> [Activity]
Using the listing below, give again exactly the lines from the line with "嵊州越剧艺术学校传承班学生田园园在学校剧场后台上妆(4月20日摄)。" to the line with "澎湃新聞(www.thepa", inclusive, without the pictures.

Dataset content Block Start

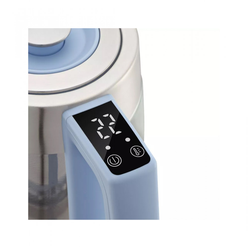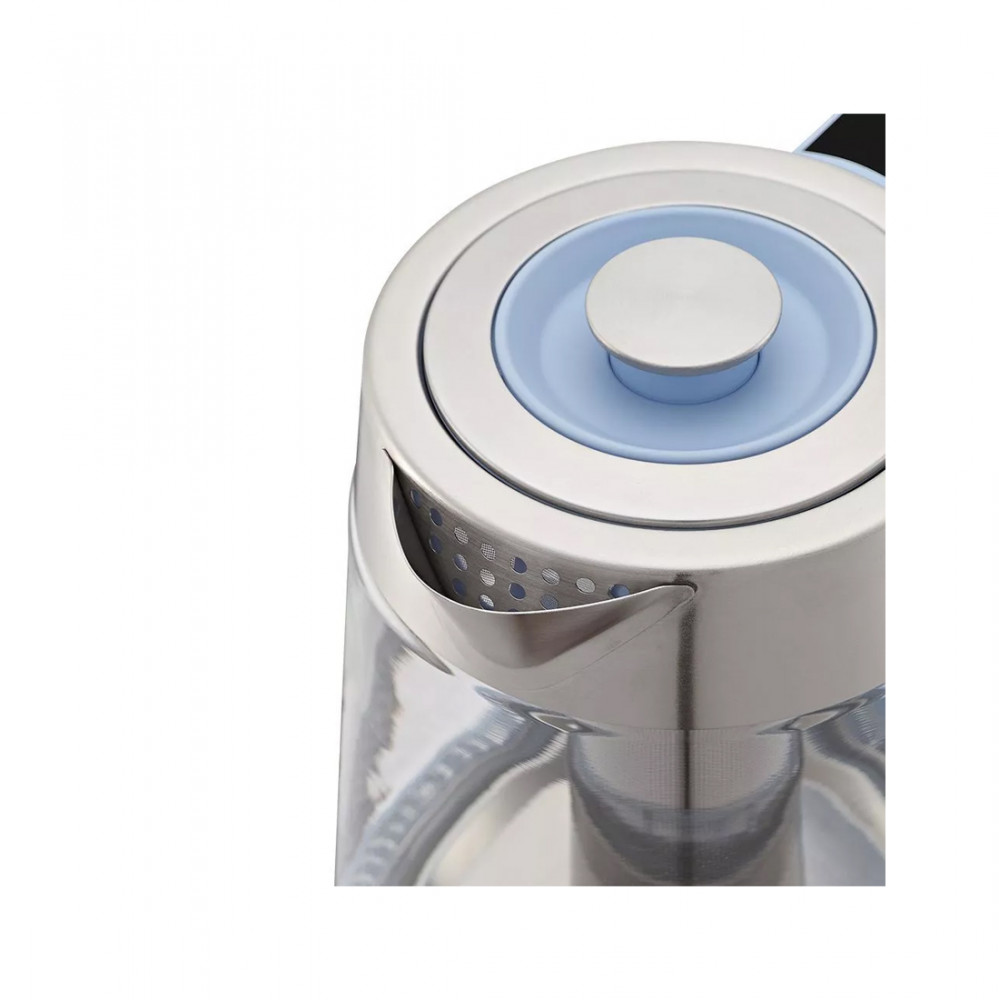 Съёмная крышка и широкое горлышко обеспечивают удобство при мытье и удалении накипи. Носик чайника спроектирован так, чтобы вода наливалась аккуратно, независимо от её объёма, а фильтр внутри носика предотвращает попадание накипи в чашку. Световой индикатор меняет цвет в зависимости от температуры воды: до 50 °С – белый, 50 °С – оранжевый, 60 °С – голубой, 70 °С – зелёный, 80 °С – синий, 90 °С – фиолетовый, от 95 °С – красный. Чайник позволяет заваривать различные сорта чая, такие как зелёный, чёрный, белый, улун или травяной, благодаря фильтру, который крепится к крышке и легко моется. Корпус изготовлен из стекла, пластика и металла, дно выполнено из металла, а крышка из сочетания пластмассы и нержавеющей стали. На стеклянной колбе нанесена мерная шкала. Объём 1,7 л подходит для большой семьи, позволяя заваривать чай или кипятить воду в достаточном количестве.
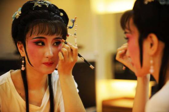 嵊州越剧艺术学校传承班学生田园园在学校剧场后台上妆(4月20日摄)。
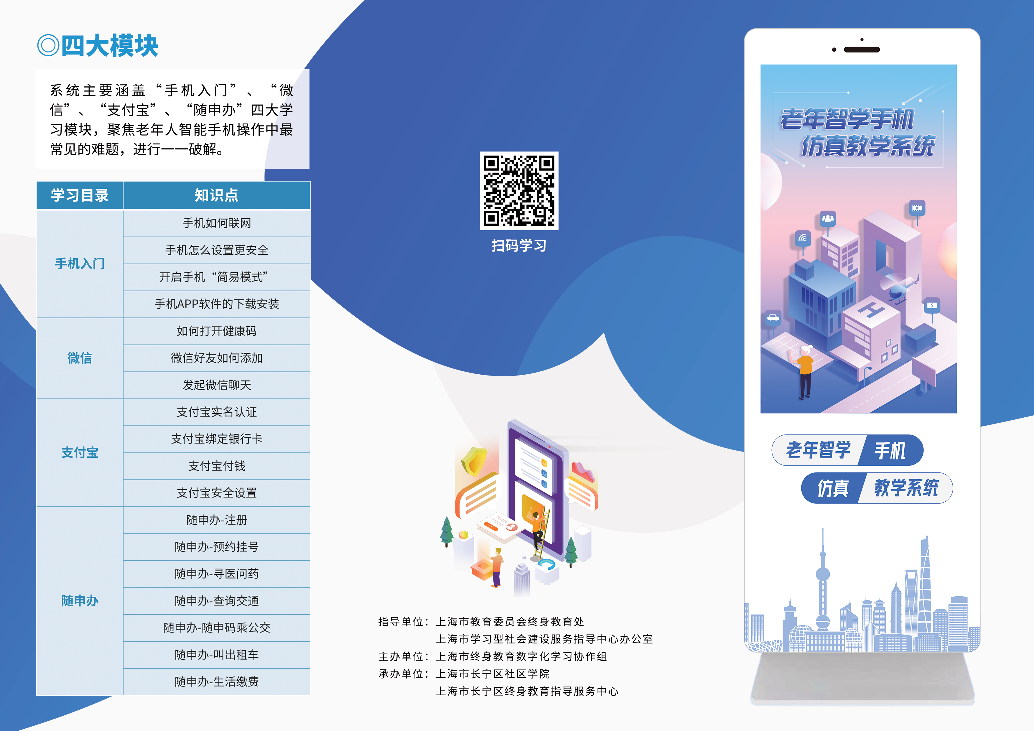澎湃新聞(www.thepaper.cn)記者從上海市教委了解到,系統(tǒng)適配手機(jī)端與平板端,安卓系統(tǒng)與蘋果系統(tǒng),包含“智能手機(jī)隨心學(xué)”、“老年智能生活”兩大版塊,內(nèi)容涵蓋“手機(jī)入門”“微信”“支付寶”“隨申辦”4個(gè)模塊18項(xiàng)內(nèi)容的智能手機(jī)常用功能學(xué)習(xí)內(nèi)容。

Dataset content Block End
Dataset content Block Start

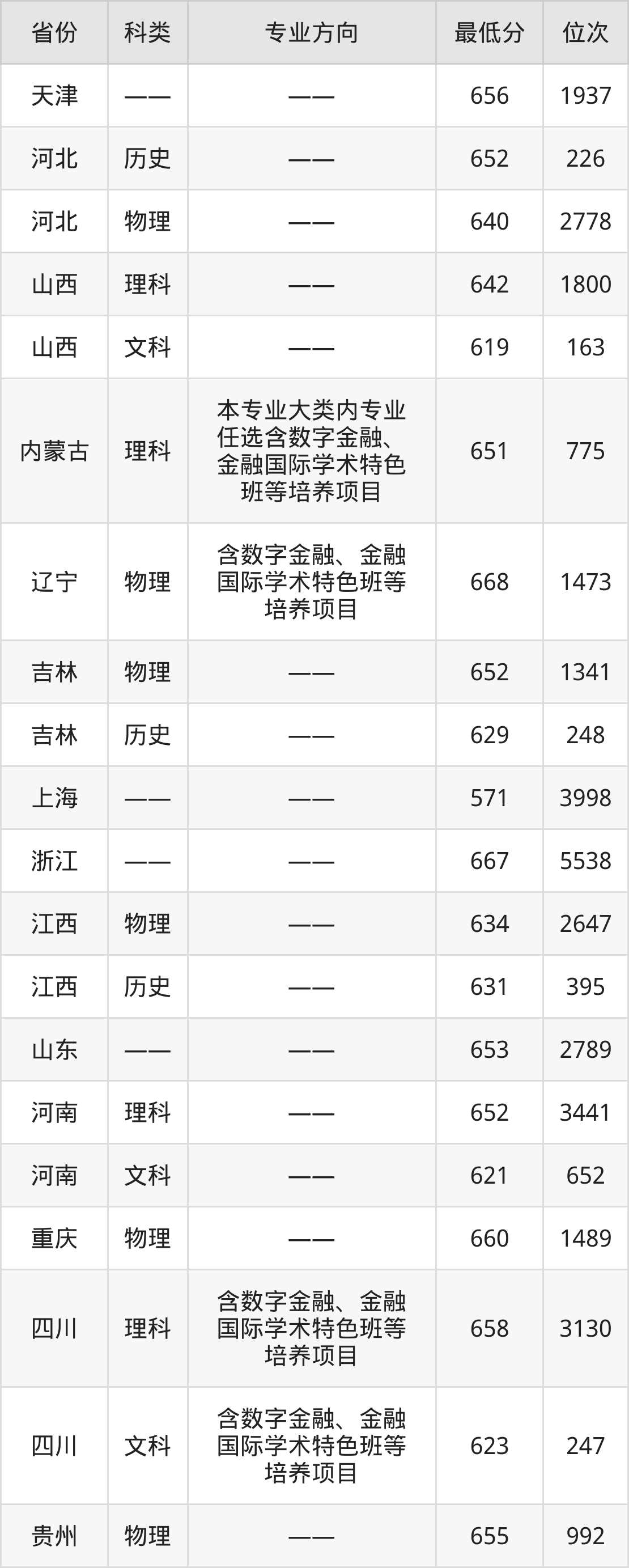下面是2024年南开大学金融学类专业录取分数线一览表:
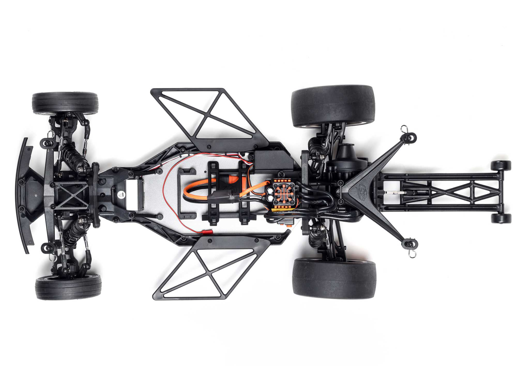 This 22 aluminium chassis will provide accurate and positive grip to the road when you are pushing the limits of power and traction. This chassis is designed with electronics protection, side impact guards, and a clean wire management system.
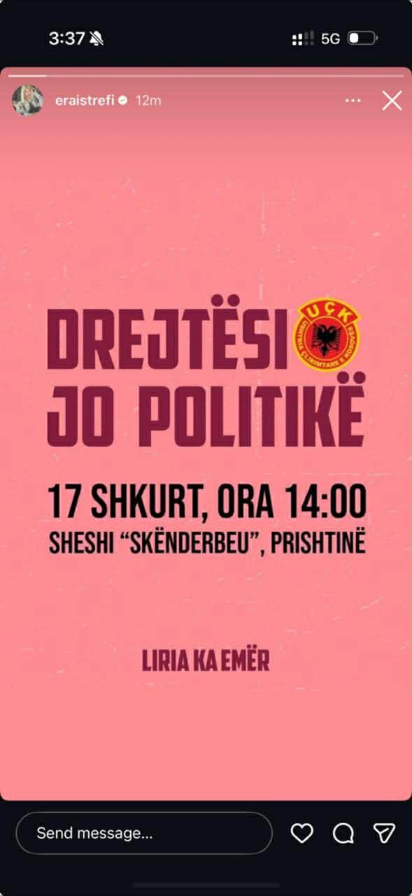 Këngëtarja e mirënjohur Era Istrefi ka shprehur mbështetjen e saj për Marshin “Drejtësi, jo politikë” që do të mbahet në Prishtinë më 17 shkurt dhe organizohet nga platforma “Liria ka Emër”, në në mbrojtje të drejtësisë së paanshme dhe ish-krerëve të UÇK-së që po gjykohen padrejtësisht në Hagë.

Dataset content Block End

> [The completed task]
 嵊州越剧艺术学校传承班学生田园园在学校剧场后台上妆(4月20日摄)。
澎湃新聞(www.thepaper.cn)記者從上海市教委了解到,系統(tǒng)適配手機(jī)端與平板端,安卓系統(tǒng)與蘋果系統(tǒng),包含“智能手機(jī)隨心學(xué)”、“老年智能生活”兩大版塊,內(nèi)容涵蓋“手機(jī)入門”“微信”“支付寶”“隨申辦”4個(gè)模塊18項(xiàng)內(nèi)容的智能手機(jī)常用功能學(xué)習(xí)內(nèi)容。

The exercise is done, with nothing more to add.